■ About this exercise
Reproduce the material below only from the line with "Dial: *Custom Black DateJust Jeweled Dial" to the line with "Comment • This", both included, keeping each line exact and dropping the pictures.

■ Data supplied
++++++++
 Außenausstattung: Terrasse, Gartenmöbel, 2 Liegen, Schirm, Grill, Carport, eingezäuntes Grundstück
++++++++
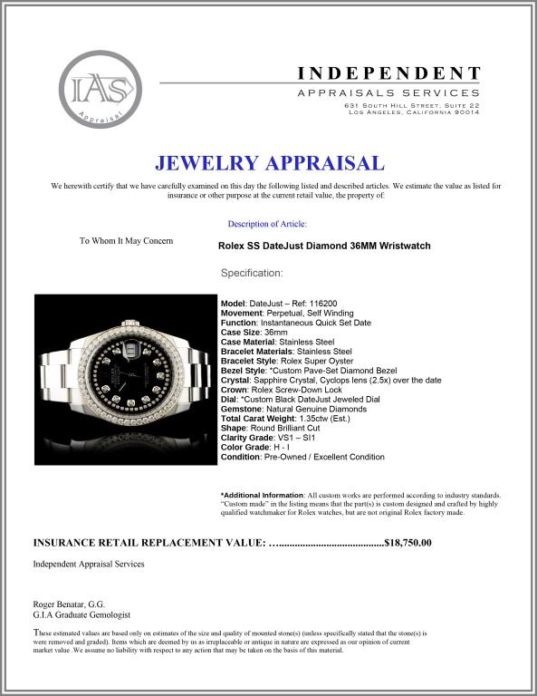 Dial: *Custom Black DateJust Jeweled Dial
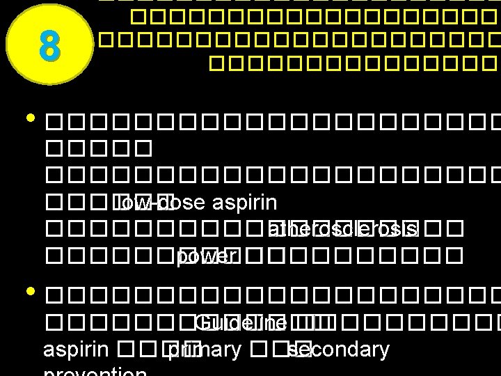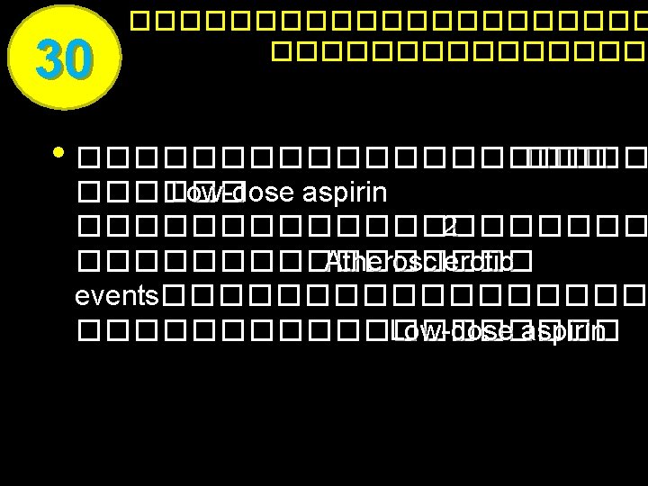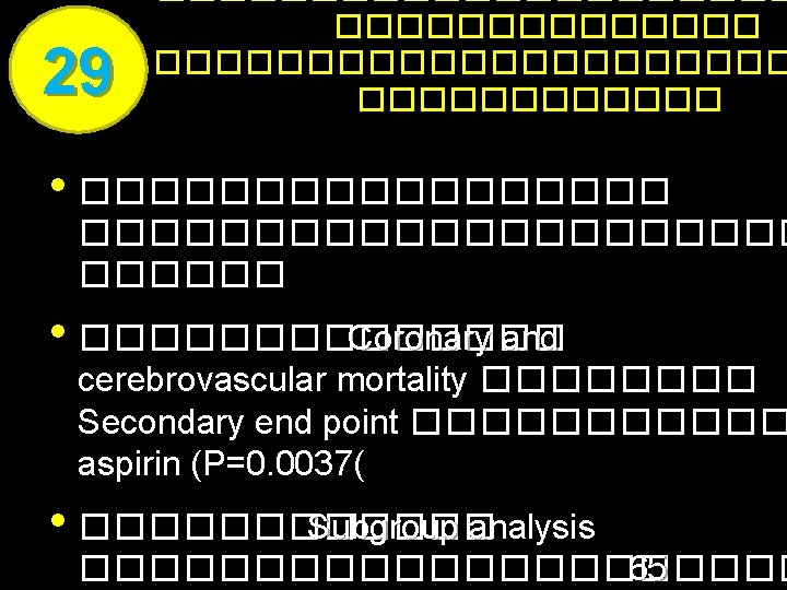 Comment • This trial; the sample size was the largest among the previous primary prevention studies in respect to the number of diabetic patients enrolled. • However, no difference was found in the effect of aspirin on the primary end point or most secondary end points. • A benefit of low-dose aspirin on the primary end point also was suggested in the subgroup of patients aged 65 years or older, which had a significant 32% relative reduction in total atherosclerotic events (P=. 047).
++++++++
■ Result of this task
 Dial: *Custom Black DateJust Jeweled Dial
 Comment • This trial; the sample size was the largest among the previous primary prevention studies in respect to the number of diabetic patients enrolled. • However, no difference was found in the effect of aspirin on the primary end point or most secondary end points. • A benefit of low-dose aspirin on the primary end point also was suggested in the subgroup of patients aged 65 years or older, which had a significant 32% relative reduction in total atherosclerotic events (P=. 047).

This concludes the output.